Hükümet, 14 Mayıs seçimlerini kazanmak için iktisatta tabir yerindeyse ‘amok koşu’su yapıyor. Ekonomik kıstaslar yerini siyasi maksatlara bıraktığı için kısa vadede ortaya çıkacak maliyetinden ve sonuçlarından (hiper enflasyon) bağımsız peş peşe paketler açıklanıyor. Vaatlerin arkası gerisi kesilmiyor.
Bu iklim, iktidarın rahat olmadığını, kaybetme dehşetinin son periyotta alınan kararlarda tesirli olduğunu gözler önüne seriyor. Bu net…
Ekonomik krizin, derin yoksullukla karşı karşıya bıraktığı bölümlerin iktidarı sorguladığı, sıkışan iktidarın fiyatlara yaptığı son dakika artırımlarıyla “iyimser bir hava” yaratıp, oy tabanını büyütmeye çalıştığı da tartışmasız bir gerçek.
Olan mı olması gereken mi?
Modern siyaset biliminin kurucularından Machiavelli, lisanımıza “Prens” ya da “Hükümdar” olarak çevrilen kitabında ustalıkla yönetme sanatı hakkında niyetlerini lisana getirir.
Hükümdara, “olması gerekene (ahlaki değerler-ilkeler)” değil “olan”a bakmasını önerir. Bunun, Türk siyasetindeki en veciz halini 9’uncu Cumhurbaşkanı Süleyman Demirel’in şu kelamlarında görürüz: “Dün dündür, bugün bugündür.”
Daha açık deyişle bugünün şartları neyi gerektiriyorsa onu yapmak, o bahiste karar alıp uygulamak. Bu tam manasıyla dar, çıkar odaklı politik realizmdir, yani Machiavellizmdir.
Asgari fiyat zammı
İktidar, Machiavellizmin gereklerini kusursuz biçimde yerine getiriyor. Çünkü, olana bakıyor (oy tabanını genişletmek için her türlü politik ve ekonomik kararı alabiliyor), ahlaki prensipleri içeren olması gerekeni daima öteliyor ya da ihmal ediyor.
Bu siyaset yapma biçiminin doğal bir sonucu olarak Ankara’da siyasi kulislerde, yeni bir bahis daha konuşuluyor. Minimum fiyat artırımının öne çekilmesi…
Cumhurbaşkanı Tayyip Erdoğan, taban fiyata temmuz ayında orta artırım yapılacağını açıkladı. Minimum fiyat, ocak ayında 8 bin 500 lira olmuştu. 2022 yılında enflasyon, gayelerin üzerinde çıktığı için taban fiyat Ocak ve Temmuz ayında iki sefer güncellenmişti.

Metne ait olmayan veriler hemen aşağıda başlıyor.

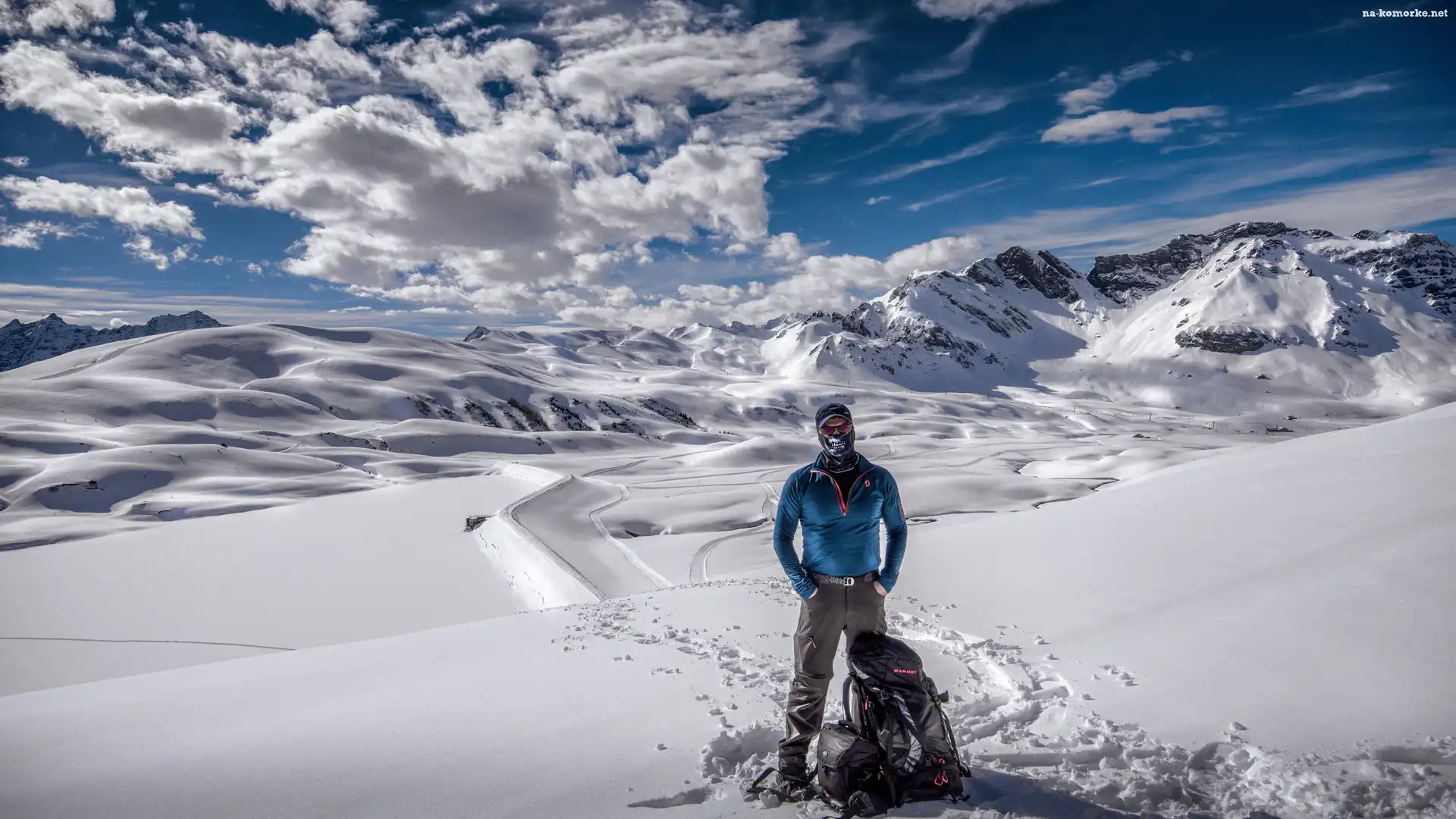 Góry, Zima, Mężczyzna na Komórkę

Hükümet, sürpriz bir atılımla ve oy korkusuyla milyonlarca kişiyi ilgilendiren minimum fiyata seçim öncesinde artırım yapabilir mi? Bu soruyu, bir uzmana, Kocaeli Üniversitesi Siyasal Bilgileri Fakültesi Çalışma İktisadı ve Sanayi Alakaları Kısmı öğretim üyesi Prof. Dr. Aziz Çelik’e sorduk.
Çelik, hükümet açısından “sıkışık” bir tablonun kelam konusu olduğunu, şu anda somut bir işaret olmasa da hükümetin oy getirebileceği kanısıyla her türlü sürpriz adımı atabileceğini söyledi.
Çelik, Çalışma ve Toplumsal Güvenlik Bakanlığı’nın, Minimum Fiyat Tespit Komitesi’ni toplantıya çağırması durumunda taban fiyatın kısa müddette artırılabileceğine dikkat çekti.
Hükümetin, bu bahiste emekli aylıkları kadar elinin rahat olmadığını kaydeden Çelik, “Hükümetin, işverenleri, patronlarını ikna etmesi gerekiyor. Zira bu işin taraflarından biri de iş çevreleri” diye konuştu.
Emekli artırımı gerçeği
Çelik, en düşük emekli aylığına ve emekli bayram ikramiyesine yapılan artırıma ait de şunları söyledi:
“En düşük emekli aylığına Temmuz ayında enflasyon artırımı, 7 bin 500 TL üzerinden yapılmayacak. Temmuzda, yeni bir alt hudut düzenlemesi olmazsa enflasyon farkı, emeklilerin kendi aylıkları üzerinden yapılacak. Örneğin, 4 bin 200 TL olan bir emekli bu fiyat üzerinden artırım alacak. Ortadaki farkı yeniden Hazine karşılayacak. Bu emekli temmuzda yeniden 7 bin 500 TL alacak. Bayram ikramiyesine yapılan artırım düşük kaldı. Bunun, taban fiyat kadar olması gerekiyordu.”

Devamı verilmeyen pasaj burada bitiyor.